Batch Evict Kernels#

struct KVLayerInfo#

Per-layer KV cache metadata for batched kernel operations.

Public Members

void *data#

Pointer to this layer’s KV buffer [maxB, 2, H, S, D].

int32_t numKVHeads#

Number of KV heads for this layer.

int32_t maxSeqLen#

Max sequence length for this layer.

void trt_edgellm::kernel::compactKVCacheSingleLayer(
rt::Tensor &kvCacheLayer,
rt::Tensor const &batchMapping,
rt::Tensor const &kvCacheLengths,
rt::Tensor &dstKVCacheLengths,
int32_t oldActiveBatch,
int32_t newActiveBatch,
bool updateLengths,
cudaStream_t stream
)#

Compact a single layer’s KV cache by removing evicted batches.

Single-layer variant of compactKVCache for per-layer heterogeneous KV cache.

Parameters:
  • kvCacheLayer – [maxBatch, 2, numKVHeads, maxSeq, headDim] single-layer buffer (in/out)

  • batchMapping – [oldActiveBatch] GPU tensor, mapping[i] = newBatchIdx or -1 (evict)

  • kvCacheLengths – [maxBatch] GPU tensor of sequence lengths (const input)

  • dstKVCacheLengths – [maxBatch] GPU tensor for compacted lengths (output, may alias kvCacheLengths)

  • oldActiveBatch – Number of batches before eviction

  • newActiveBatch – Number of batches after eviction

  • updateLengths – If true, update dstKVCacheLengths (only first layer should do this)

  • stream – CUDA stream

void trt_edgellm::kernel::compactTensorBatch(
rt::Tensor const &src,
rt::Tensor const &batchMapping,
rt::Tensor &dst,
int32_t oldActiveBatch,
int32_t newActiveBatch,
cudaStream_t stream
)#

Generic tensor compaction along batch dimension.

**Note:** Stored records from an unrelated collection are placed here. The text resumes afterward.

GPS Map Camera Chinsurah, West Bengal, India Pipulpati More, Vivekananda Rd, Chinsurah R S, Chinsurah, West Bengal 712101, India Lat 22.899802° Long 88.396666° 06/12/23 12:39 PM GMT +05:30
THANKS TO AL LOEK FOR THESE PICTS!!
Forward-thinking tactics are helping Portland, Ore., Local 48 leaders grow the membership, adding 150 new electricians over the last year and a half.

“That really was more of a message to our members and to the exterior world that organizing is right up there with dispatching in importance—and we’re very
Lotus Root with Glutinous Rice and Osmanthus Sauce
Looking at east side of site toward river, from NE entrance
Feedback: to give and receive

This kernel compacts a tensor by removing evicted batches.

Note

Assumes batch dimension is the first dimension (dim 0)

Note

For in-place operation, pass the same tensor as both src and dst

Parameters:
  • src – Source tensor (const input)

  • batchMapping – [oldActiveBatch] GPU tensor (const input), mapping[i] = newBatchIdx or -1

  • dst – Destination tensor (output, can be same as src for in-place operation)

  • oldActiveBatch – Number of batches before eviction

  • newActiveBatch – Number of batches after eviction

  • stream – CUDA stream

Throws:

std::runtime_error – if tensors are not located on the GPU, or tensor shapes are invalid

void trt_edgellm::kernel::compactKVCacheBatched(
KVLayerInfo const *layerInfos,
rt::Tensor const &batchMapping,
rt::Tensor const &kvCacheLengths,
int32_t numLayers,
int32_t headDim,
nvinfer1::DataType kvCacheType,
int32_t maxKVHeads,
int32_t maxBatchSize,
int32_t oldActiveBatch,
int32_t newActiveBatch,
cudaStream_t stream
)#

Batched compaction across multiple layers in a single kernel launch.

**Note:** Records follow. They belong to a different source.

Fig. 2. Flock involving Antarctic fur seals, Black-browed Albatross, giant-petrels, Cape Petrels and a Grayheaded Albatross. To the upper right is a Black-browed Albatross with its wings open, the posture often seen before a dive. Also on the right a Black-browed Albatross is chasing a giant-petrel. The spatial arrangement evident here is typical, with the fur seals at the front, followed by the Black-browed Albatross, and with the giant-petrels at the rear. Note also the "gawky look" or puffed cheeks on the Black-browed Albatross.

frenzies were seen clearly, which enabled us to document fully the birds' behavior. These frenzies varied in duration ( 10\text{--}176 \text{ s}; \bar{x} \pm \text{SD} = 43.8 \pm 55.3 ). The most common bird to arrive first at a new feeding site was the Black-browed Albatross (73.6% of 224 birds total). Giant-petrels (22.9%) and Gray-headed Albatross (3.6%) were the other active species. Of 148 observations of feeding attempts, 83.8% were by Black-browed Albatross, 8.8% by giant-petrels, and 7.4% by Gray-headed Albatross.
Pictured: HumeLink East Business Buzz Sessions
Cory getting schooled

All layers in the batch must share the same headDim (template-selected). Layers may have different numKVHeads and maxSeqLen.

Parameters:
  • layerInfos – [numLayers] GPU array of KVLayerInfo

  • batchMapping – [oldActiveBatch] GPU tensor

  • kvCacheLengths – [maxBatch] GPU tensor of sequence lengths

  • numLayers – Number of layers in this batch

  • headDim – Head dimension (same for all layers in batch)

  • kvCacheType – KV cache storage dtype (kHALF or kFP8); controls element size for stride calculation

  • maxKVHeads – Maximum numKVHeads across all layers (for grid sizing)

  • maxBatchSize – Max batch size

  • oldActiveBatch – Batches before eviction

  • newActiveBatch – Batches after eviction

  • stream – CUDA stream